Prototypes in BT’s labs include orbs that glow different colours according to preset conditions, and an electronic flower with petals that fold or unfold to tell you different things. Perhaps an orb would glow red if someone important was trying to reach you, or if your traffic route to work was congested. A petal on BT’s electronic flower representing a loved one could begin to fold inwards if you hadn’t answered their emails or called them in a while.

It’s a nice idea, but BT found the same problem that Nielsen Norman Group’s Ms Coyne identifies: “Some of the ambient interfaces are fun but many of them are pretty binary. It’s a light, but that’s it,” she says. Unlike computer screens, which can display lots of complex information, a glowing orb can only tell you so much.
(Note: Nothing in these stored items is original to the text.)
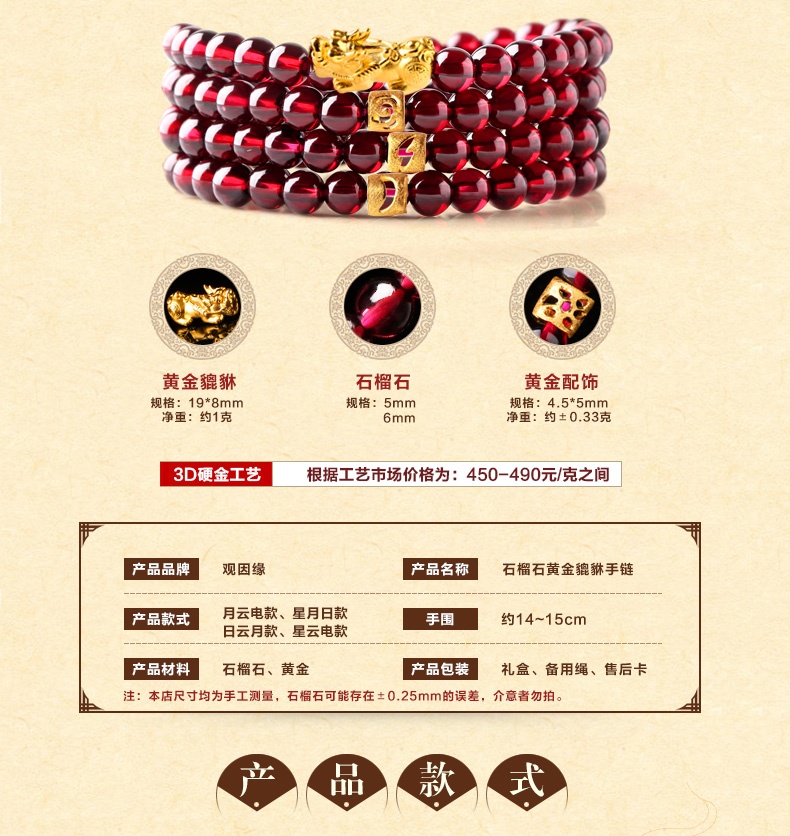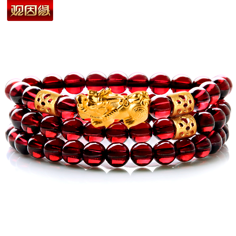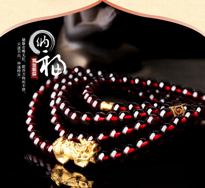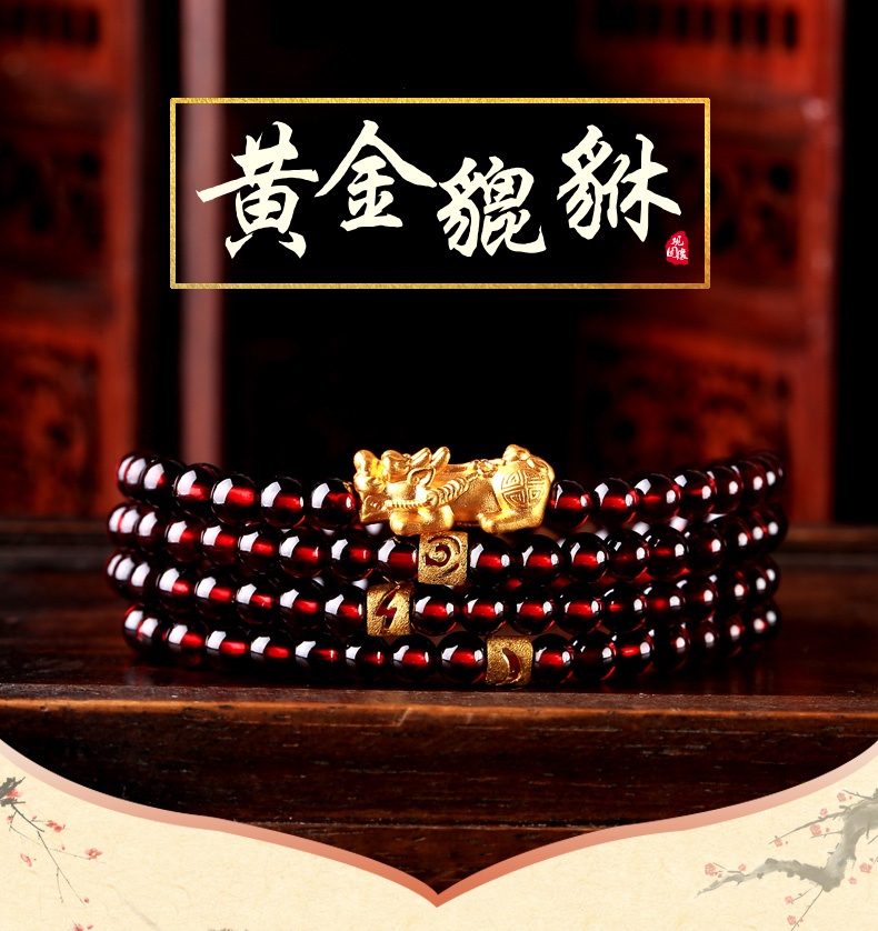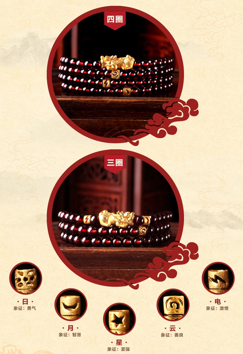 6A级天然石榴石手链★黄金足金貔貅多圈手串★女性定制【多款】
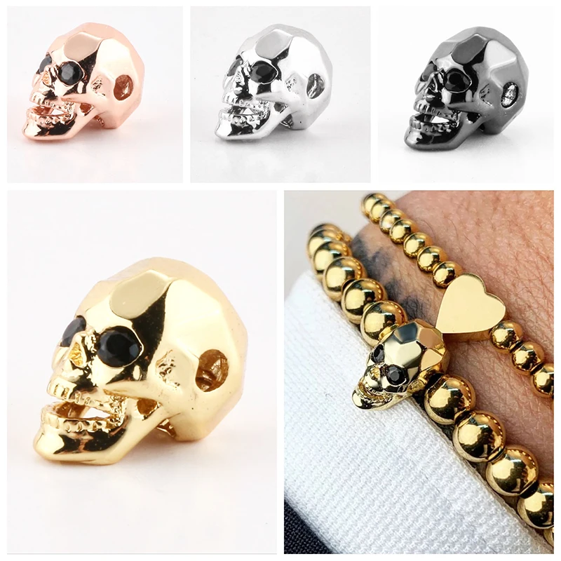 Бусины в виде черепа для изготовления ювелирных изделий, микро проложить Медь CZ Шарм рукоделие бусины золотые аксессуары diy разделитель браслета бусины подвески
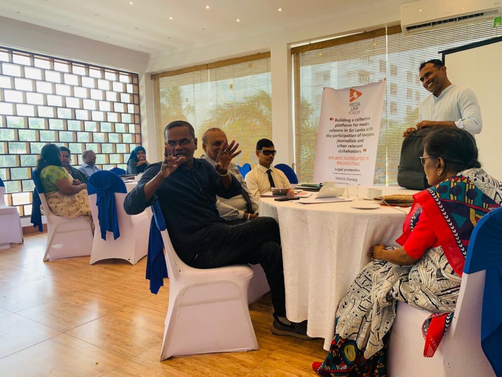 The workshop featured expert contributions from Dr. Viranjana Herath, Mr. Aingkaran Kugathasan (Attorney-at-Law), and Senior Journalist Mr. Robert Anthony, who shared insights into legal frameworks governing digital spaces, ethical responsibilities in journalism, and practical strategies to counter false, misleading, and harmful information online. Speakers also highlighted the importance of cooperation between media actors and lawyers in safeguarding freedom of expression while ensuring accountability and the protection of digital rights.
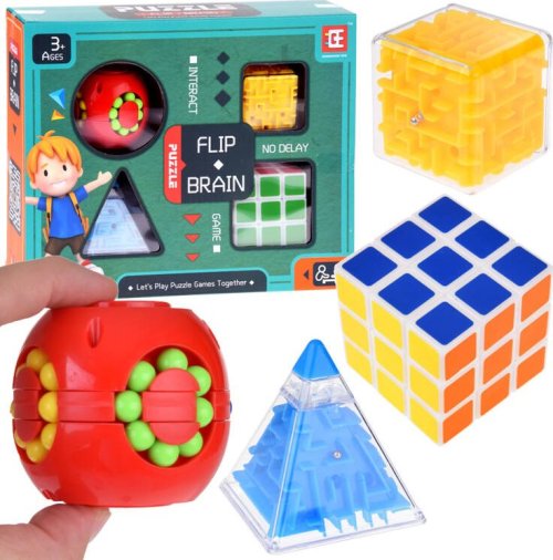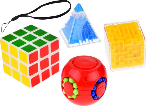 Obsah balenia: Rubikova kocka, rotujúci hlavolam, labyrint kocka, labyrint ihlan. Upozornenie : Fotografie sú iba ilustratívne. Farebné prevedenie dodávame podľa skladových zásob.
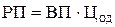 В курсової роботи допускається, що вартість товарної продукції (ТП) дорівнює реалізованої продукції (РП), тобто продукція, що випускається підприємством за рік реалізується у повному обсязі (виконується умова ТП = РП). В свою чергу обсяг реалізованої продукції (РП) розраховується за формулою:
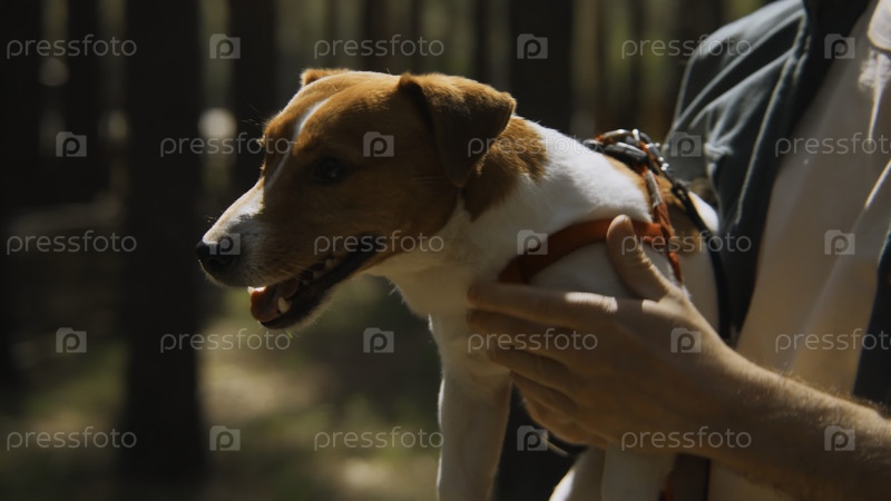 Мужчина держит красивую собаку в объятиях. Скриншоты. Красивый терьер Джека Рассела на руках в парке. Человек держит собаку с травой в зубах на руках в парке летом
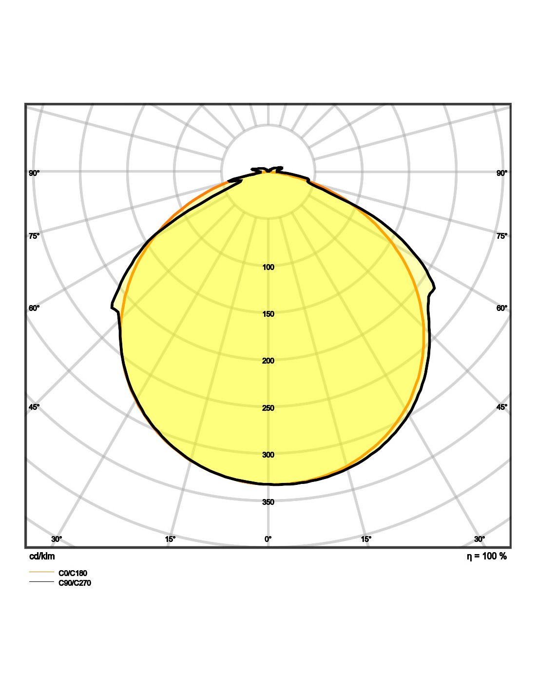 - Skuteczność świetlna oprawy (lm/W) 100
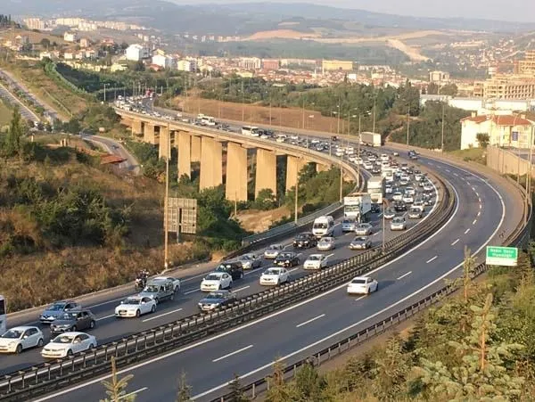 Tatilcilerin trafikteki yoğun hareketliliği sürüyor. TEM Otoyolu Kocaeli geçişi İstanbul istikametinde öğle saatlerinde başlayan yoğunluk artarak devam ediyor. Sakarya'nın Sapanca ilçesi Mahmudiye geçişinde başlayan trafik yoğunluğu Kocaeli'nin Derince ilçesine kadar sürüyor. Saat 19:00 itibariyle bu bölgeler arasında oluşan yaklaşık 40 kilometrelik araç kuyruğu İstanbul istikametine doğru adım adım ilerliyor. Derince ilçe geçişinde rahatlayan trafik akışı, Gebze Kirazpınar mevkiinde yeniden yoğunlaşıyor.
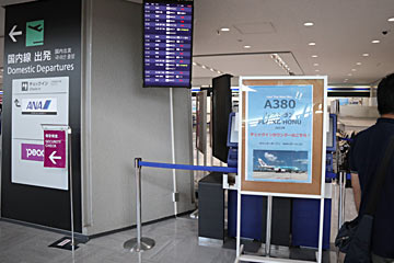 集合場所は、成田空港第1ターミナル南ウィング1階ANA国内線チェックインカウンター。隣はピーチのカウンター。
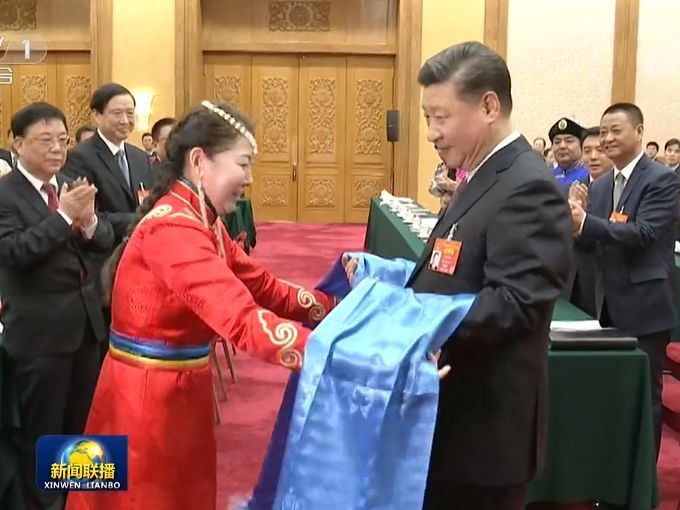 当习近平走进会场时,全场起立热烈鼓掌。鄂温克族代表向习近平献上蓝色的哈达,表达内蒙古各族群众对党中央和总书记的敬意。习近平向他们表示感谢,并请他们转达对各族干部群众的诚挚问候。
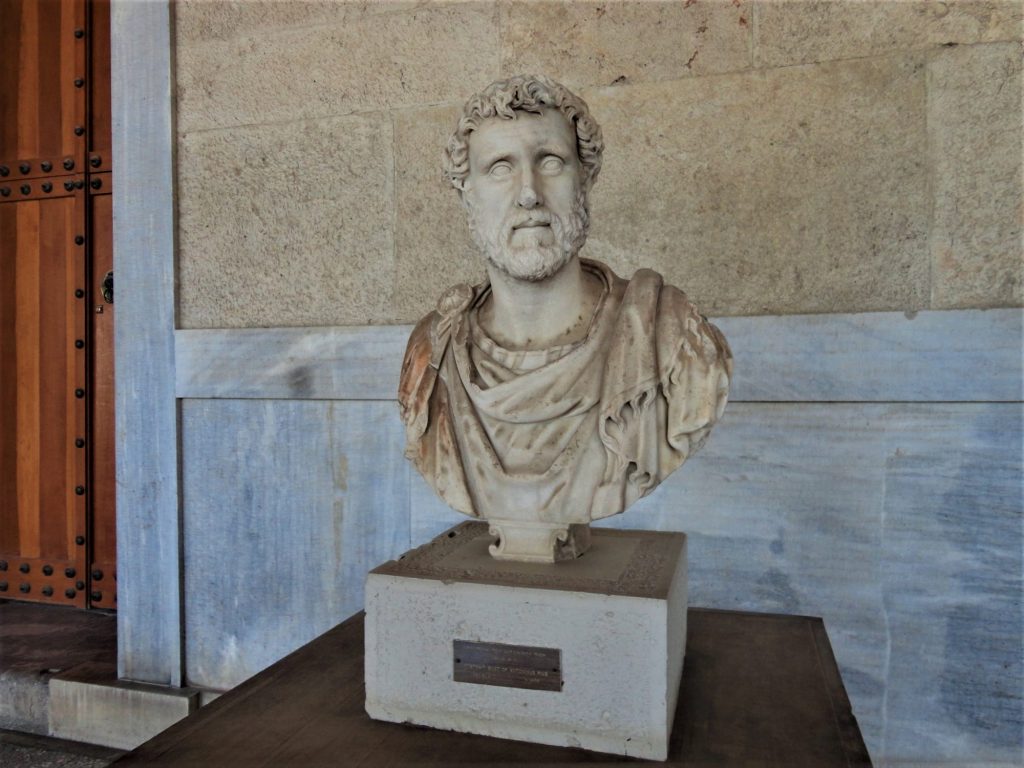 As estátuas de Afrodite, Antônio Pio, uma enorme cabeça de Tritão do Odeon de Agripa e duas representações da Ilíada e da Odisséia, do Poeta Homero, ficam no pátio.
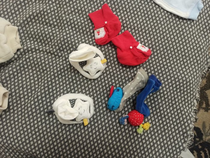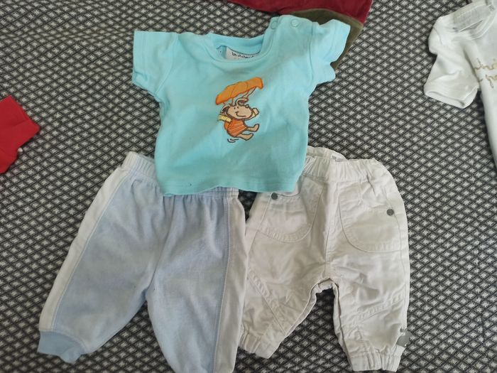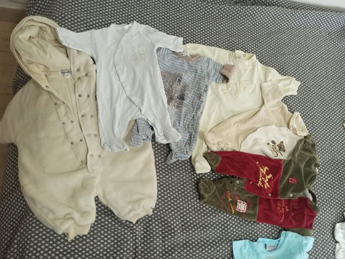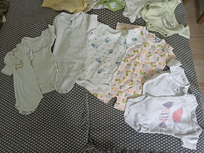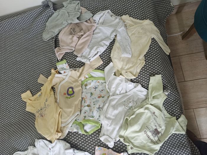 Lot 25 pièces 0 a 1 mois 1 gigoteuse sortie chaude 5 pyjamas manches longues (2plus léger) 2 pantalons + 1 t-shirt 2 chaussons + 2 jouets de pieds 7 bodys manches courtes 9 bodys manches longues Etat neuf, sans bouloches, filles/garçons
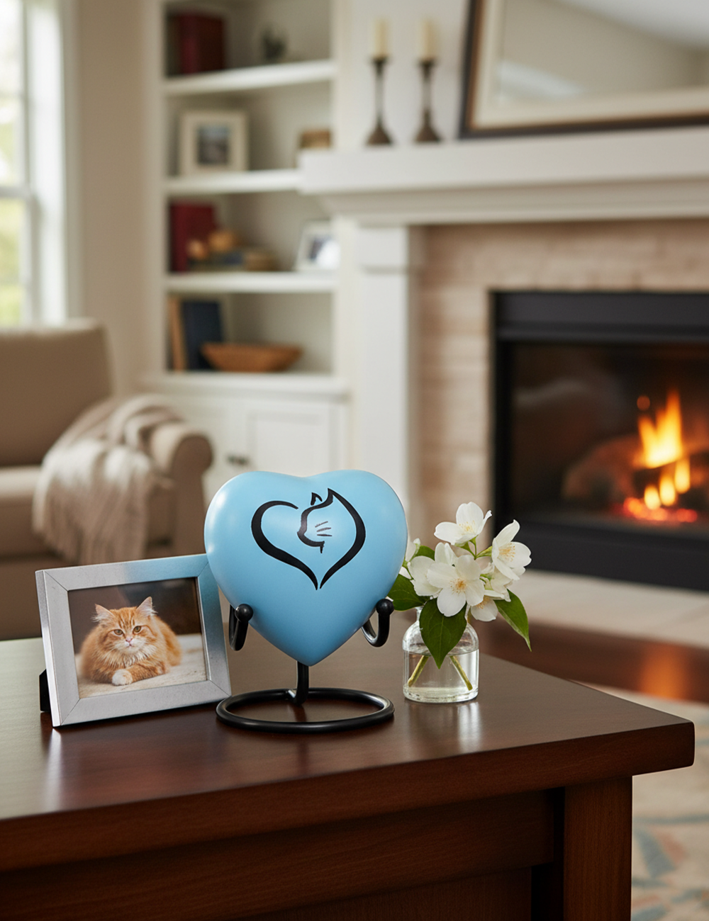 Home Cremation Urns Collection HN6029-Heart-Shaped Metal Cremation Urn with Sky Blue Cat

Physical sensors and ambient orbs could help soften our relationships with computers in the future, but before this happens we have to overcome some problems. Privacy will be a huge barrier, as employees and consumers worry about the big brother aspect of computer systems that make decisions based on our movements.

Getting all vendors to develop and adopt standards that enable physical sensors to talk to each other will be far from easy. And then, companies will have to develop context computing technology that doesn’t make mistakes.

An unexpected reboot every so often is one thing, but blocking an emergency call from a loved one because the computer thinks you’re too busy is a system bug that we all could do without.